Donanemab decreased disease development by 35% over 18 months in approximately 1,200 early-stage patients.
Using a standardized index known as the Integrated Alzheimer’s Disease Rating Scale (iADRS), cognition and the ability to perform daily tasks such as managing finances, commuting, engaging in hobbies, and conversing about current events were used to determine this.
Parts of the brain swelled temporarily in nearly a quarter of the treated patients. And microhemorrhages occurred in 31% of patients on the treatment arm and 14% of patients in the placebo group.
Side effects killed two people, and the treatment may have killed a third.

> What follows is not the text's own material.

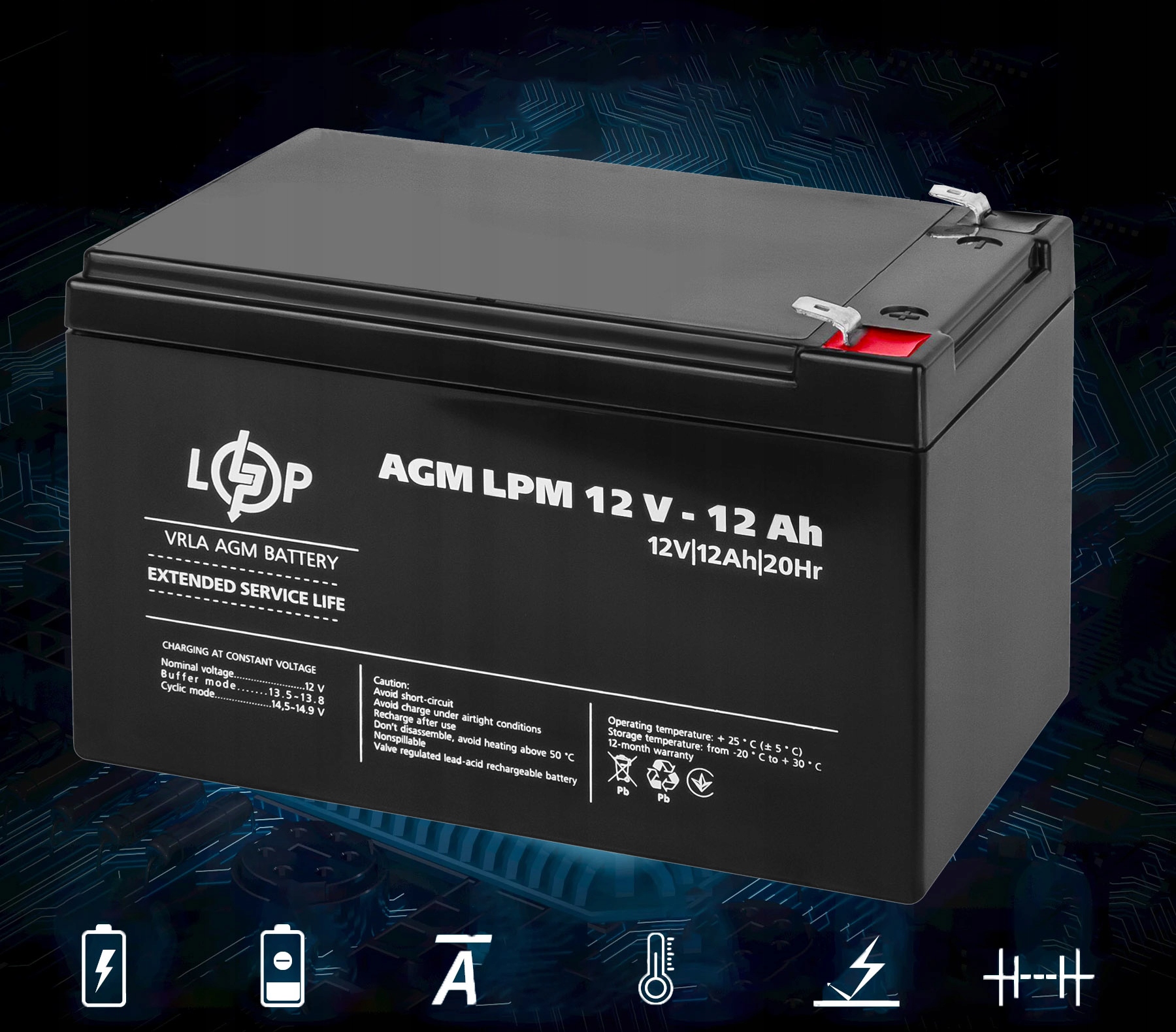 Аккумуляторы серии LPM, изготовленные по технологии AGM (Absorbent Glass Mat), предназначены в основном для использования в системах аварийного электроснабжения (ИБП, системы автоматизации), солнечных электростанциях и преобразователях напряжения.

Independent experts praised the data nonetheless, stating that, if approved, donanemab could considerably improve the lives of people suffering from the most common form of dementia.
The news follows the January US approval of another Alzheimer’s drug, lecanemab by Biogen and Eisai. Which delayed the rate of cognitive decline by 27% and was also deemed a blockbuster by experts.
Biogen and Eisai had also developed aducanumab, marketed under the name Aduhelm. Which received US approval in 2021 despite controversy and a damning report from Congress.